Digital signature overview

A digital signature is an electronic, encrypted stamp of authentication on digital information such as messages. The digital signature confirms the integrity of the message.

This signature ensures that the information originated from the signer and was not altered, which proves the identity of the organization that created the digital signature. Any change made to the signed data invalidates the whole signature.

The use of digital signatures is important because they can ensure end-to-end message integrity, and can also provide authentication information about the originator of a message. To be the most effective, the digital signature must be part of the application data so that it is generated at the time the message is created. Then, the signature is verified at the time the message is received and processed. You can choose to sign the entire message, or sign parts of the message (even overlapping parts of a message can be signed). You can choose to sign only parts of a message if a part of the message must be modified before it reaches the consumer. In this scenario, if the entire message was signed, the whole signature is invalidated if even one part of the message is modified. You can specify partial signatures for a message by specifying an ID attribute for every element that you want to sign and adding a reference.

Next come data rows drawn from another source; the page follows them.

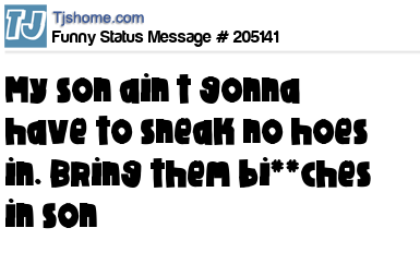- # 205138 My son ain’t gonna have to sneak no hoes in. Bring them bitches in son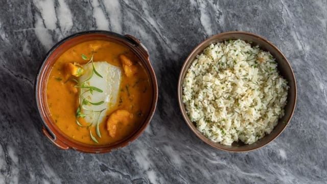 Carabineiro, camarão black tiger, bacalhau, mandioca, leite de coco e arroz de alho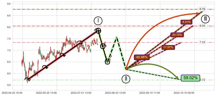 ♘ 支撑价格位5.89,可信任强度59.70%,距离最后交易2022-08-12 14:00形成的收盘价格6.75相差 -12.71%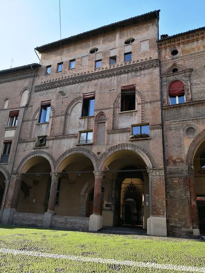 BOLOGNINI Palazzo, aus dem 16. Jahrhundert und die einzigartige Dekoration mit Terrakotta-Köpfen von Alfonso Lombardi.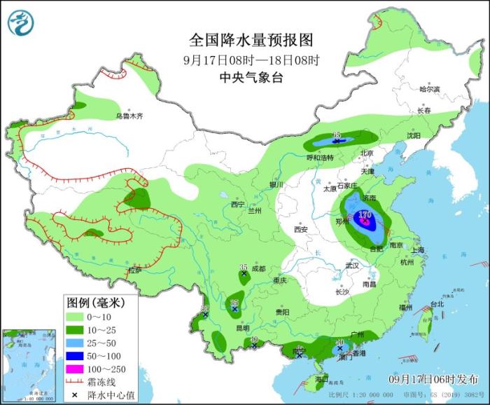 全国降水量预报图(9月17日08时-18日08时)。图片来源:中央气象台网站
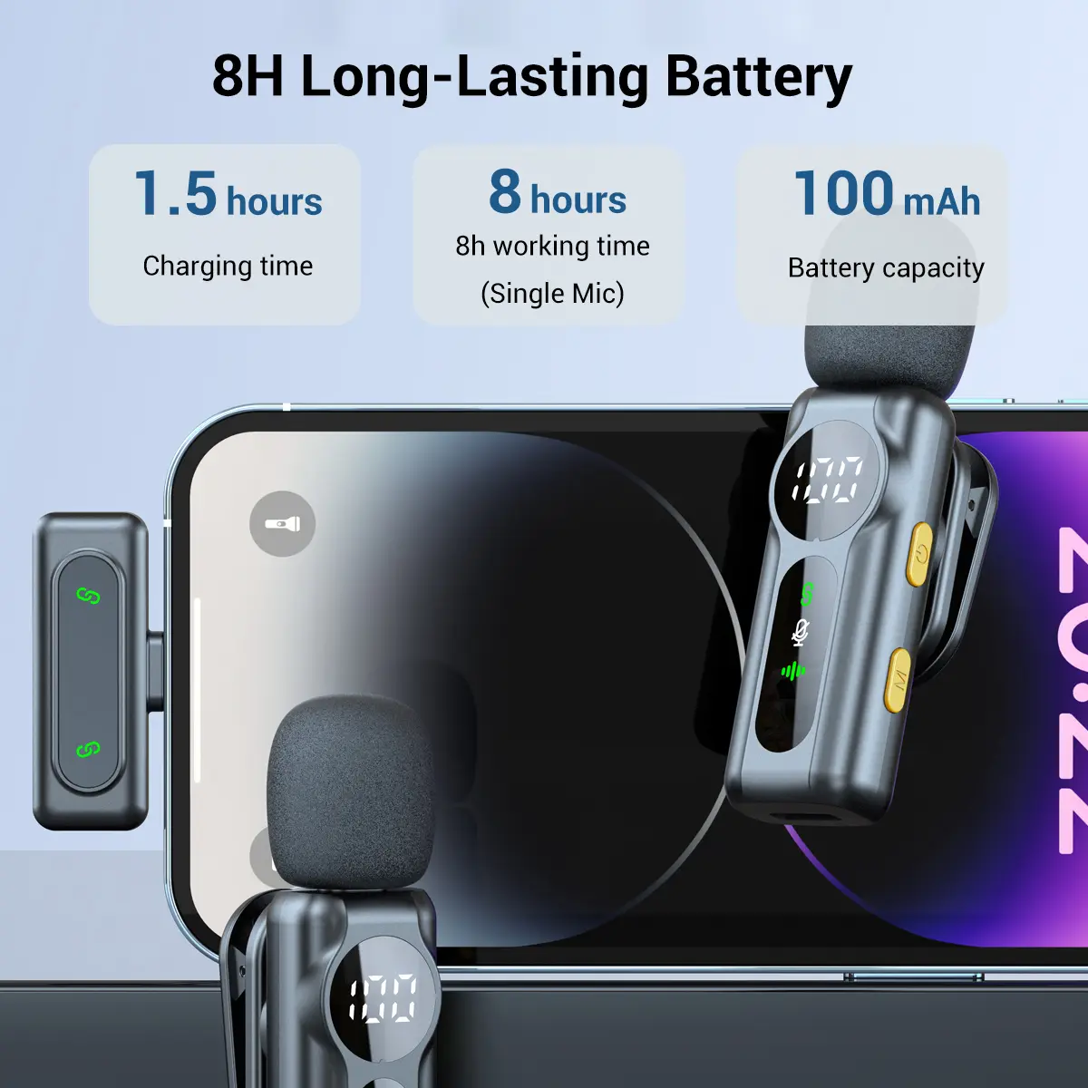 Compatible with nearly all devices—iPhones, iPads, Android phones, PCs, and laptops—this mic is super versatile. Plus, it supports USB-C connections, including the latest iPhone 15/16 models. No need to fuss with apps; just plug and play with auto pairing. Record while charging? No problem. The built-in 8-hour battery life keeps you going all day without worrying about recharging the receiver, which doesn’t need charging at all.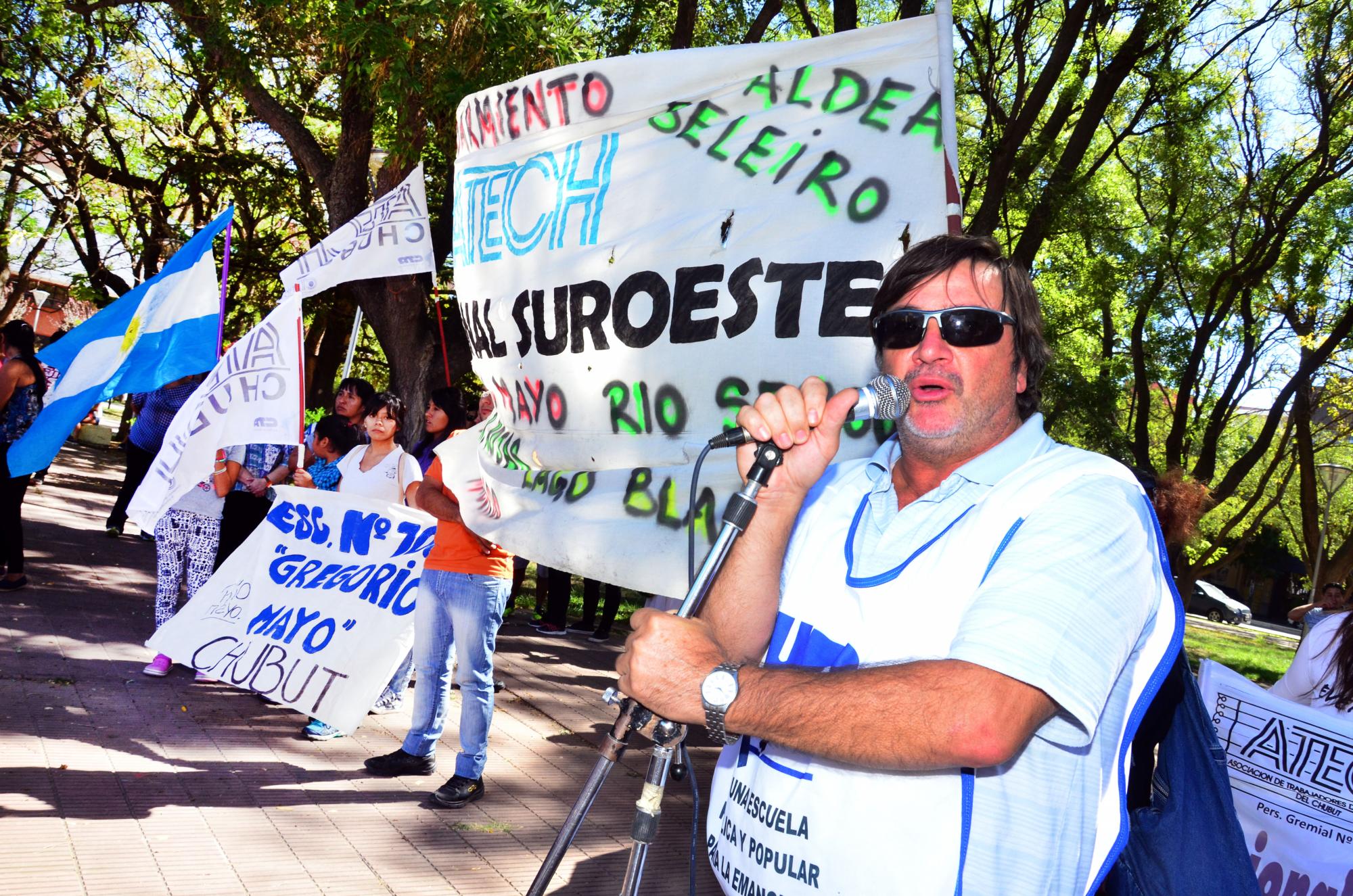 Un grupo de docentes de esta capital, Patagones y Chubut se manifestaron esta tarde en la plaza San Martín de esta capital. Lo hicieron antes de partir hacia Buenos Aires para participar mañana de la marcha federal.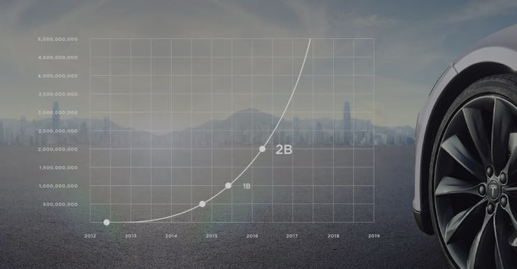 The company tweeted a graph that predicts exponential growth in the number of miles traveled moving forward, as users purchase cars and the range of the batteries increase. It took Tesla between mid 2012 and mid 2015 to reach its first billion miles traveled, and in less than a year, drivers doubled that number to 2 billion.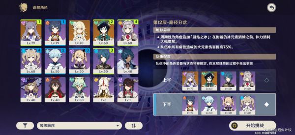 螺旋的阵容不是一成不变的,如果你卡在某关,不妨换下队伍角色的位置,也许就有奇效。这里简单整理了一下各层需要的搭配。
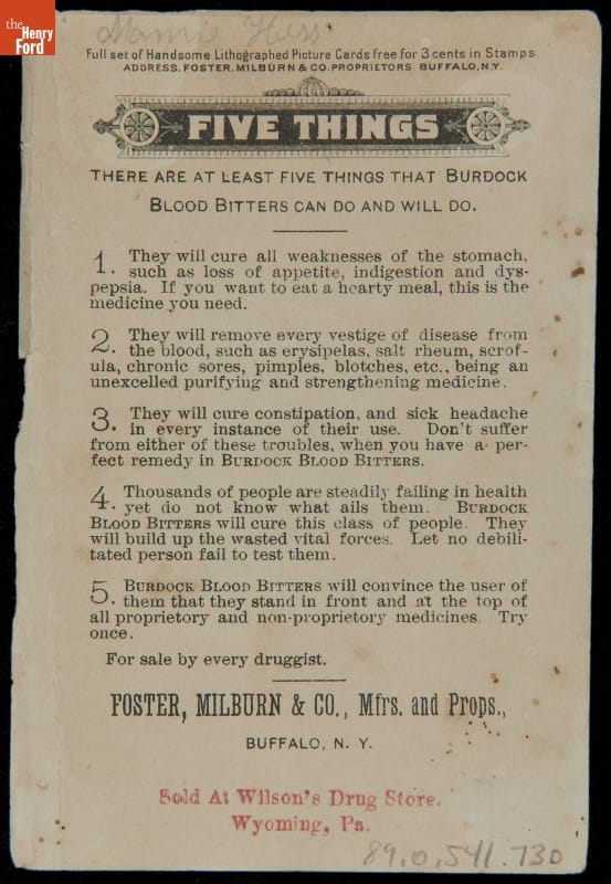 Advertised products made by Foster, Milburn & Co., Buffalo, New York. Retailed by Wilson's Drug Store, Wyoming, Pennsylvania. Card lithographed by Cosack & Co., Buffalo, New York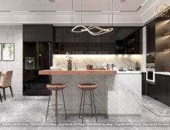 - Đá ốp bếp: Lựa chọn mẫu đá cẩm thạch trắng Quảng Tây ốp bếp mang vẻ đẹp hiện đại và sang trọng cho các khu vực tường bếp, mặt bếp, bàn đảo bếp, bàn ăn,… phối hợp với các tone màu đen, màu xám, màu gỗ,… của nội thất phòng ăn nhà bếp.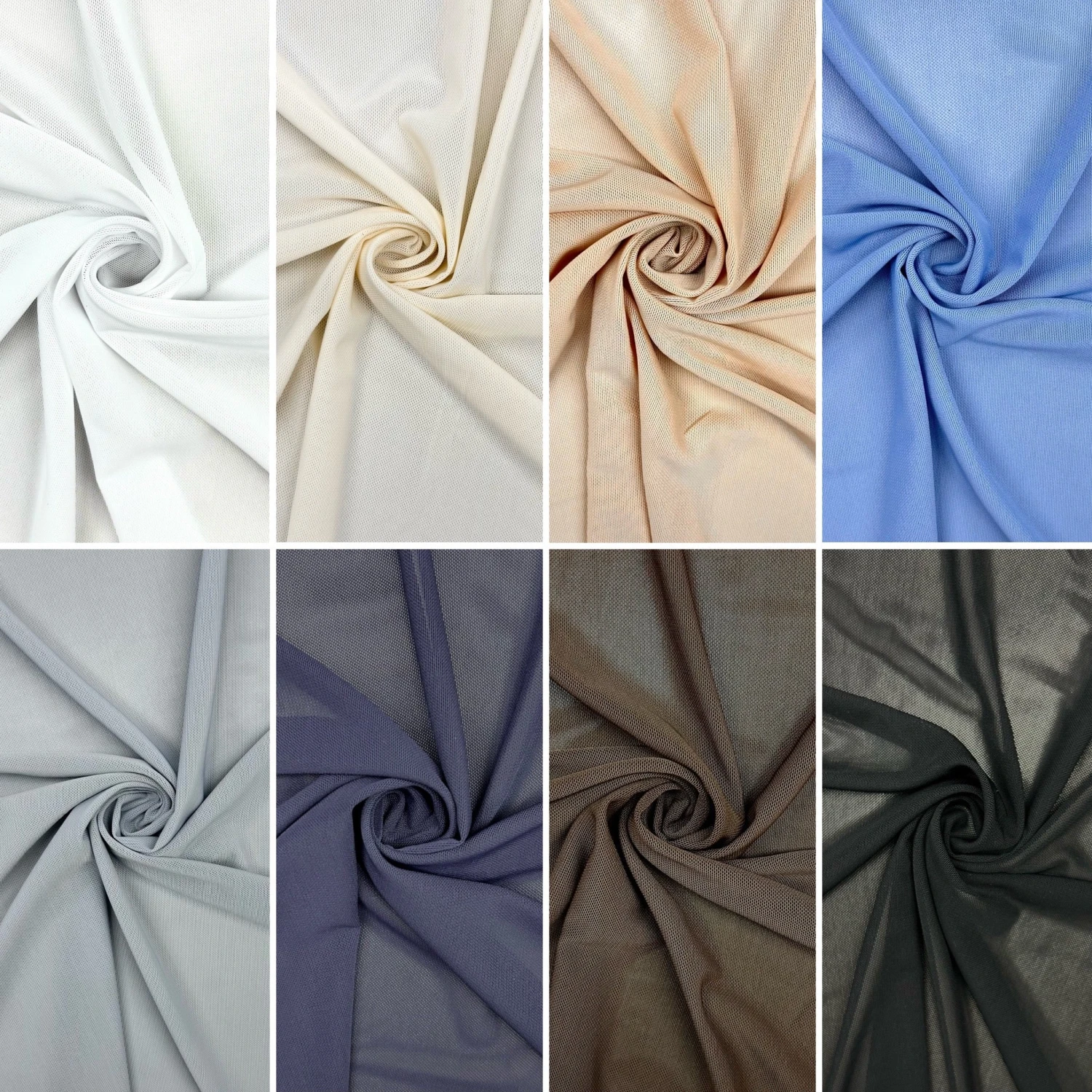 A high quality power mesh fabric available in 8 colours. This super soft material is semi-transparent, lightweight and has 4 way stretch. Our power mesh fabric contains 15% spandex, giving it much greater stretch and recovery compared to cheaper alternatives.Â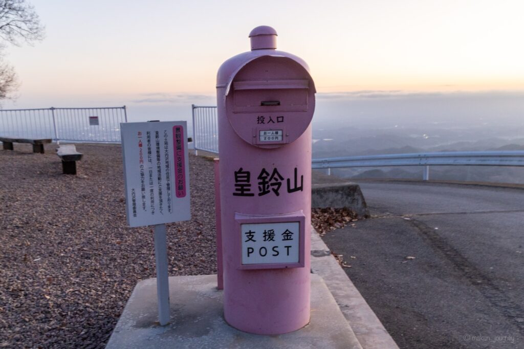 さて、この素晴らしい絶景を見ることができる皇鈴山展望台ですが、実は有志の方々が守り抜いている展望台とのことで、このように支援金ポストが設置されていました。
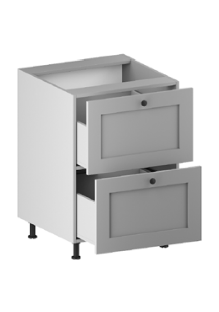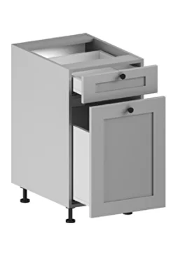 2 drawers (1 small, 1 large for pull-out trash cans) Quadro 25 runners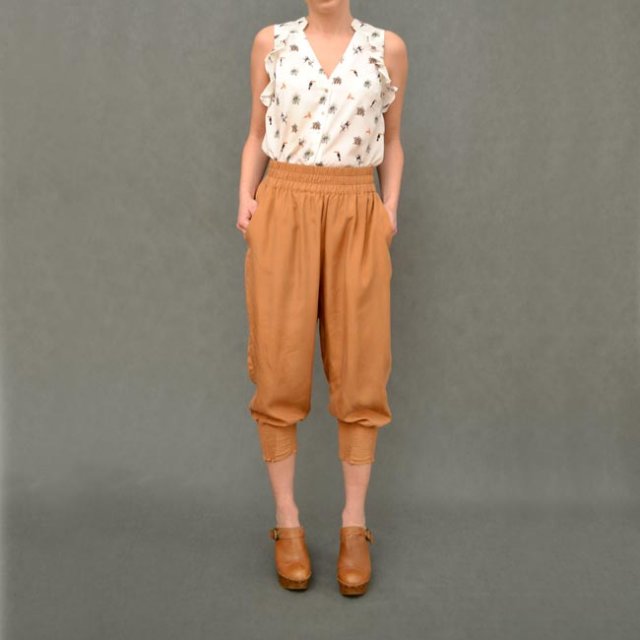 Jedwabne spodenki typu pumpy w camelowym kolorze. Pas i nogawki na gumkach, z boku kieszonki.
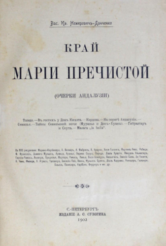 Немирович-Данченко, Василий Иванович (1844-1936). Край Марии Пречистой : (Очерки Андалузии) / Вас. Ив. Немирович-Данченко. - Санкт-Петербург : А.С. Суворин, 1902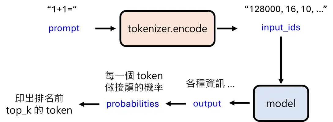 print(f"Token ID: {token_id}, Token: '{token_str}', 機率: {probability:.4f}")輸入的 prompt 是: 1+1=

Important: To ensure message integrity, use XML digital signatures with your private key. This signature can be validated by the recipient with the sender’s digital certificate (public key). When you create a signature with an X.509 certificate token, ensure that it uniquely and irrefutably specifies the certificate under which the signature was created.

A digital signature for an electronic message is created by using a form of cryptography and is equivalent to a personal signature on a written document. The digital signature on a message provides a unique electronic binding of the identity of the signer to the origin of the message. A digital signature provides proof of the message origin and a method to verify the integrity of the message. A digital certificate owner combines the data to be signed with their private key, and then transforms the data with an algorithm. The recipient of the message uses the corresponding certificate public key to decrypt the signature. The public key decryption also verifies the integrity of the signed message and verifies the sender as the source. Only the organization with the private key can create the digital signature. However, anyone that has access to the corresponding public key can verify the digital signature.

The digital signature is based on the XML-signature syntax and processing specification that is defined for WS-Security. This specification defines an XML syntax for digital signatures (the processing rules for creating and verifying XML signatures). The SignedInfo element describes the signed content of the message. It also includes the syntax for representing the resulting signature information. The signature algorithm for signing the message is specified in the SignatureMethod element. The DigestMethod element specifies the digest algorithm that is applied to the signed message. The resulting digital signature value and digest value are encoded with base64 and are specified in the SignatureValue element and the DigestValue element.

A digest is a fixed length, short message whose digital signature can be quickly generated and verified. Using a digest facilitates faster processing and is important for performance reasons. The payload of a message can be large, and the process of applying a public key algorithm to the entire message can significantly impact system performance. When the message is received and a digest is used, B2B Advanced Communications computes the digest. Additionally, it verifies that the newly computed digest matches the digest that was sent.

In B2B Advanced Communications only inbound document exchange is supported with digital signatures for an anonymous partner.

Important: If you are using digital signatures, define the content types that must be excluded from canonicalization to B2B Advanced Communications through the Systems Management > System Settings interface. Using digital signatures and canonicalization can adversely affect system performance, because computing and verifying XML signatures is very resource-intensive.

The steps of the digital signature process are as follows:

  1. The sender computes a message digest (with an algorithm such as RSA or SHA1) and then encrypts the digest with their private key, which forms the digital signature. Multiple signatures and signature formats can be attached to a message, each referencing different (or even overlapping) parts of the message.
  2. The sender transmits the digital signature with the message.
  3. The receiver decrypts the digital signature with the public key of the sender, thus regenerating the message digest.
  4. The receiver computes a message digest from the message data that was received, and verifies that the two digests are the same. If these digests match, the message is both intact and authentic.

When a content creator digitally signs a message, the signature must meet the following criteria to be valid:

  • The certificate that is associated with the digital signature is current (not expired).
  • The certificate that is associated with the digital signature is issued to the signing publisher by a reputable certificate authority (CA). The CA signs certificates that it issues. The signature consists of a data string that is encrypted with the private key of the CA. Any user can then verify the signature on the certificate by using the CA public key to decrypt the signature.
  • The publisher (the signing organization), is trusted.
    Important: Signed messages with a valid time stamp are considered to have valid signatures, regardless of the age or revocation status of the signing certificate.
A digital signature is used to assure:
The identity of the organization that sent the message (the message signer) is confirmed.
The message content was not changed or tampered with since it was digitally signed.
Tip: You can also encrypt the message, which protects the confidentiality of the information in the message.
The origin of the signed content is verified to all parties so the message signer cannot deny association with the signed content.